##### Provided material #####

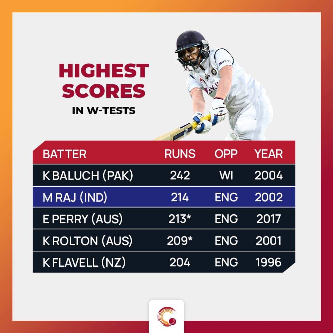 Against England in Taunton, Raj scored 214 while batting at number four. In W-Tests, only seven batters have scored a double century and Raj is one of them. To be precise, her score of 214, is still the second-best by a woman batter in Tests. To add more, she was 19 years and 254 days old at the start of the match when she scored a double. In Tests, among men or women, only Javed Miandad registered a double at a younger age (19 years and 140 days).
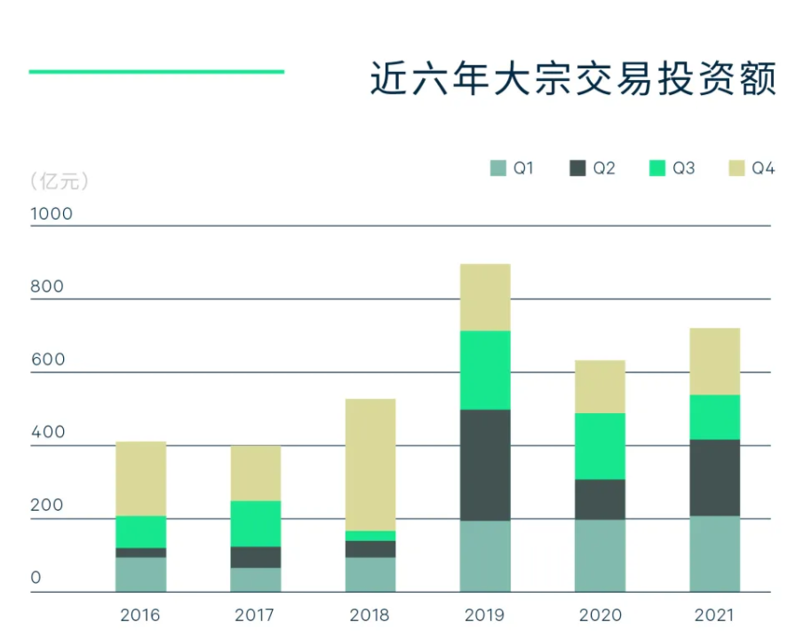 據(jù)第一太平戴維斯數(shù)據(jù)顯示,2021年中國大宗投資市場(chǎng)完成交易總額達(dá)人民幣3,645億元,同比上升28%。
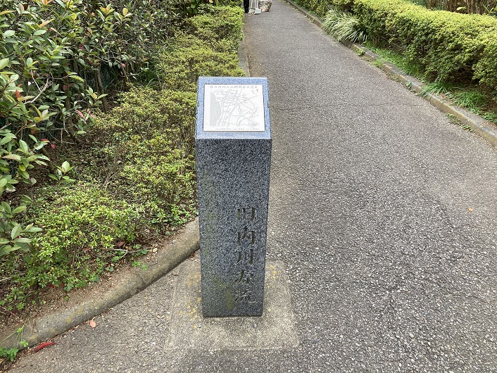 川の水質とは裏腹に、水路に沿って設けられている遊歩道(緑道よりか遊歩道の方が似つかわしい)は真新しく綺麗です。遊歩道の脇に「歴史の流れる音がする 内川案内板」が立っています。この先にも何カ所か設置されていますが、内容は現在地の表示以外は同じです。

#####

▸ **Task directions**
Give the data again exactly as it stands, apart from the pictures.

▸ **Result of the task**
 Against England in Taunton, Raj scored 214 while batting at number four. In W-Tests, only seven batters have scored a double century and Raj is one of them. To be precise, her score of 214, is still the second-best by a woman batter in Tests. To add more, she was 19 years and 254 days old at the start of the match when she scored a double. In Tests, among men or women, only Javed Miandad registered a double at a younger age (19 years and 140 days).
 據(jù)第一太平戴維斯數(shù)據(jù)顯示,2021年中國大宗投資市場(chǎng)完成交易總額達(dá)人民幣3,645億元,同比上升28%。
 川の水質とは裏腹に、水路に沿って設けられている遊歩道(緑道よりか遊歩道の方が似つかわしい)は真新しく綺麗です。遊歩道の脇に「歴史の流れる音がする 内川案内板」が立っています。この先にも何カ所か設置されていますが、内容は現在地の表示以外は同じです。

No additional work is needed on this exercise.